For many creditworthy low- and moderate-income consumers, it’s a challenge just to get a car loan, let alone a mortgage loan. And yet, for the housing market to work for everyone, a new way for determining creditworthiness for these consumers must emerge. This is not about lowering the bar of creditworthiness; it’s about changing the way we look at creditworthiness that reflects new demographic shifts and market realities.
Here’s the challenge: The government-sponsored enterprises (GSEs), through their seller-servicer guidelines, force mortgage lenders to rely on credit scoring models that were developed more than a decade ago. By the same token, Federal Housing Administration (FHA) loans also require similarly outdated credit scoring models.
These older credit scoring models needlessly lock out an estimated 35 million consumers, including millions of consumers new to the market and infrequent users of credit. In an internal study, an estimated 7.6 million of these consumers have credit scores of 620 or higher. Undoubtedly many low- and moderate-income consumers are included in this population.
Newer, more inclusive credit scoring models have been developed that more accurately assess credit behavior by taking advantage of more granular data, incorporating highly advanced segmentation and analytics, and factoring in alternative data including rent, utility, and telecom payments if they reside on a consumer’s file. Moreover, the latest models ignore collection accounts that have been reported as paid in full.
A recent Experian study explored the benefits of using new, alternative data and found that 20 percent of “thin file” consumers (those with limited credit histories) migrated to thick files when alternative data was included. Also, the study found that the subprime population reduced by 47 percent when a credit scoring model that includes positive energy-utility data is used and those alternative accounts are considered. These models provide low- and moderate-income consumers the ability to access mainstream credit with more favorable terms and interest rates, thereby allowing them to restore their credit profiles more easily.
Some critics of the usage of alternative utility data (including Woodstock Institute) argue that some lower-income consumers would be harmed because they might, for example, allow heating bills to go past due during the winter months knowing that their heat will not be turned off. It’s a fair point, but because of the huge potential for positive impact to millions of consumers, VantageScore believes that allowing for the possibility that a few scores may go down is necessary in order to see meaningful change.
Director Mel Watt, who oversees the GSEs, recently ordered the GSEs to “assess the feasibility of alternative credit score models and credit history in loan-decision models, including the operational and system implications.” Also, in a recent symposium focusing on access to credit in the mortgage market, Secretary of Housing and Urban Development Julián Castro called for expanding mortgage credit to non-traditional borrowers and promised to review ways to incorporate alternative credit scoring models into the FHA automated underwriting system.

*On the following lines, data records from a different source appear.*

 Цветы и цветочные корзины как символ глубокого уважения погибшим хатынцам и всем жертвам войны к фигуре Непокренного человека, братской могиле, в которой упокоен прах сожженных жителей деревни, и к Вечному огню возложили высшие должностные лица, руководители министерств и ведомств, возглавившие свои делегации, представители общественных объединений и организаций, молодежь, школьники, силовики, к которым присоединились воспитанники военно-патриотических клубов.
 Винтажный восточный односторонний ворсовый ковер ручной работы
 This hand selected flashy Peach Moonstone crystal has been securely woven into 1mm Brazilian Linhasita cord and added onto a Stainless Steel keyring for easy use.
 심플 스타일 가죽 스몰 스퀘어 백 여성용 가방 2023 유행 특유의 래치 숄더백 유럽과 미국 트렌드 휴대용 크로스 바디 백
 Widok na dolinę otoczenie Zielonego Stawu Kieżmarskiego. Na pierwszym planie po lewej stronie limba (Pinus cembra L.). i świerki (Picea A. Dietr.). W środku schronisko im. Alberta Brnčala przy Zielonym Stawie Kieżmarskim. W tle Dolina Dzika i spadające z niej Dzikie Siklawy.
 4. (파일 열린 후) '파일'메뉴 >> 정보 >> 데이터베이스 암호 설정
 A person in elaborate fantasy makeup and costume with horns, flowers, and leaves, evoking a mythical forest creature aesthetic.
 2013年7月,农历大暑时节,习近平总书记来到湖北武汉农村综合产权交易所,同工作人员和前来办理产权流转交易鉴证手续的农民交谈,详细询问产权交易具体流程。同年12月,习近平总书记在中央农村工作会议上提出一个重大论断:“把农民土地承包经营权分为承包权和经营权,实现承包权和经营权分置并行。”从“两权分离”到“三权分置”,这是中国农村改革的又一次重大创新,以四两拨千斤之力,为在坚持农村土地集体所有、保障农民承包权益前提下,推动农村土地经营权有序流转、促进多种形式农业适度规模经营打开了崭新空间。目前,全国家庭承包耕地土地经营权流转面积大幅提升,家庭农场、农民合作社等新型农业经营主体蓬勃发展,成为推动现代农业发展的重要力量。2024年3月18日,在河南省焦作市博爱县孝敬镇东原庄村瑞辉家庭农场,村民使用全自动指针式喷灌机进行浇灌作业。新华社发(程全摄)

If and when the GSEs and FHA take the important step of opening up the credit scoring system to other providers, it will open up the marketplace to a more competitive and dynamic credit evaluation environment and enable low- and moderate-income borrowers who have been hesitant or unable to enter the housing market to move one step closer to homeownership.
These borrowers were disproportionately impacted by the recession and the housing crisis, and it is time they stopped bearing the burden of the mistakes that led to it.